3 Sides of the Autonomous Routing Triangle

Colin Howes | April 13th, 2021

Traditional IT Service Desk is outdated. The advent of technology solutions has enabled organizations to engage in multiple transformation initiatives simultaneously in order to solve a variety of Service Desk challenges. However, technology-driven transformation often fails to translate into a systematic, process-driven and scalable mechanism for Service Management organizations. IT Leaders buy into the marketing hype and promises in solving specific challenges associated with scalable and agile IT Service Desk operations. The solution therefore lies in addressing a variety of constraints as they optimize ITSM operations for business goals.

In this post, we will focus on ticket routing operations within the IT Service Desk domain. Organizations typically model business decisions against three key constraints: Problem Identification, Ticket Distribution and Workforce Assignment. The goal of an autonomous ticket routing technology is to optimize for all three of these key pillars.

The Iron Triangle of IT Service Desk

Service Desk organizations are constantly evolving and adapting to manage support and services for an ever-growing user base. They operate in narrowly defined constrained environments, where teams are required to meet specific KPI objectives. Once the KPIs are defined, pre-defined frameworks and operational models are adopted to reach optimal performance against the said constraints: the ability to  identify IT issues; routing tickets to the right resolution teams and distributing HR assignments based on skill set availability, types of IT incidents and other business goals. In practice, the scale of business operations make it impossible to address all three constraints, so the decision makers are compelled to adopt intuitive ideas and technology solutions as the path of least resistance. These methods work well under specific circumstances and eventually, must integrate with existing workflows as well as technology solutions. The end result is that the Service Desk staff is forced to perform a growing list of tasks manually, ensuring all solutions work well to meet the predefined KPIs, which in fact may not be optimized for the global objective. This practice denies the often overlooked opportunity for employees to adapt their workforce capabilities necessary to address new challenges facing the dynamic IT Service Desk landscape. A global view of Service Desk operations is key to optimally address these multiple challenges simultaneously. This is where the role of disruptive AI solutions comes into play: the ability to investigate the trends in data, discovering patterns in support requests and modeling operational workflows to meet all constraints. This capability is key to solving a myriad of Service Desk issues across the three constraints:  

1. Problem Identification:

The traditional process requires users to classify IT issues under known problem categories. Users are often unaware of the correct categories corresponding to their support requests, which may in fact fall under multiple overlapping support categories. The lack of accurate and precise problem classification makes it further difficult to categorize the support request, compelling users to submit tickets under the Other category, which does little to help reach the right resolution teams promptly.

Solution: AI Clusters

NLP technologies analyze historical ticket archives and correlate unstructured and vague tickets to find the most accurate identifiers and features describing a problem classification. The AI technology then generates clusters of similar issue categories, allowing the right resolution teams to find solutions for newly discovered issues faster by addressing the underlying problem root cause.

2. Ticket Distribution:

The scale and variety of support requests and IT issues often makes it challenging to automate the ticket distribution and routing process optimally. Organizations require Service Desk teams to resolve tickets based on business objectives and KPIs such as MTTR and MTTD on issues most impactful toward these goals. As a result, ticket distribution becomes a manual exercise that is detrimental to the overall performance of the Service Desk, despite the availability of traditional automated routing tools.
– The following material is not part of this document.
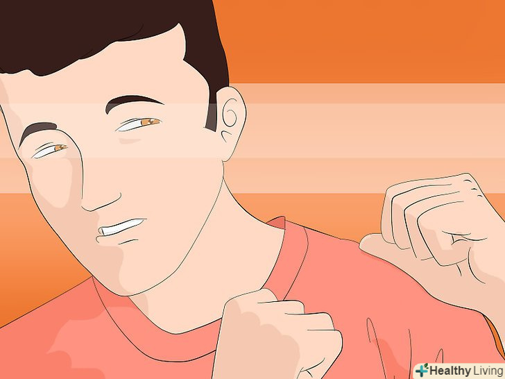 Постійно стежте за нападником. [1] Тримайте зоровий контакт і зверніть увагу на те, куди спрямований його або її погляд, так як люди зазвичай дивляться на ціль, перш ніж вдарити. Це дає вам тонкі натяки на те, де удар може бути нанесений, і ви можете ухилитися від нього.- Якщо ви думаєте, що злякаєтеся або розгубитеся, дивлячись в очі людини, подивіться на сонячне сплетіння. Деякі люди роблять зоровий контакт спеціально для того, щоб відвернути противника.

Solution: Adaptive Load Balancing​

Load balancing capabilities based on AI technologies can incorporate a variety of KPIs and constraints to ensure optimal ticket distribution. This results in reduced MTTD and MTTR on mission-critical issues and maintaining highly dependable IT services.

3. Workforce Assignment:

Service Desk organizations are not only overwhelmed by the sheer volume of support requests, but also struggle to make optimal use of the skills and knowledge already available to them. Suboptimal ticket routing, lack of skill set mapping between resolution teams and the ability to accumulate and share the acquired knowledge greatly reduces the ability of Service Desk organizations to scale their operational capacity.

Solution: AI Skill Set Mapping

AI based skill set mapping technologies bridge the skills gap by routing tickets based on the most relevant and available team members as well as making it easier to identify, extract and share applicable knowledge across the ticket lifecycle.
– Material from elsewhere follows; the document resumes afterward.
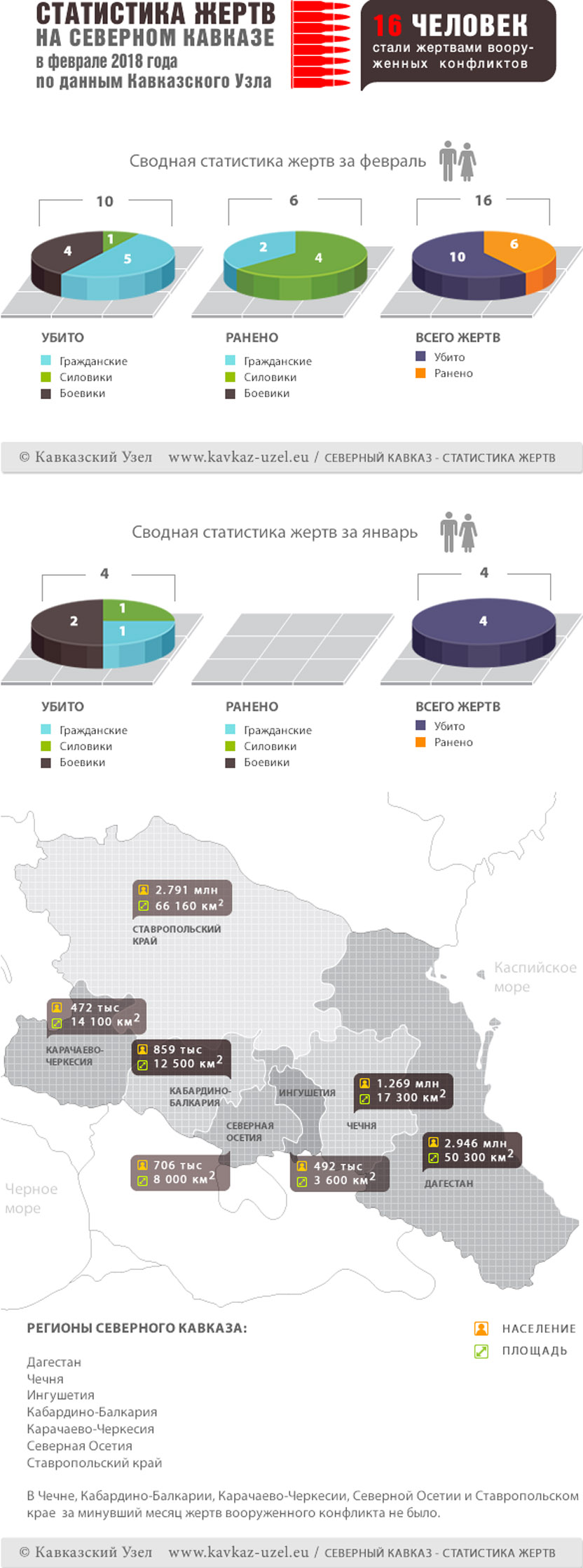 Инфографика. Статистика жертв на Северном Кавказе в феврале 2018 года по данным Кавказского Узла

Modern IT Service Desk must constantly evolve and enhance their ability to meet organizational goals based on the constraints associated with ticket routing, skills availability and their ability to shift left resolution through fast problem resolution. In order to address these limitations, the IT Service Desk needs intelligence embedded into decision making as well as the execution process. Optimizing for all three sides of the autonomous routing triangle therefore becomes an ongoing process based on AI models that continuously learn, adapt and implement decisions based on the new ticketing information.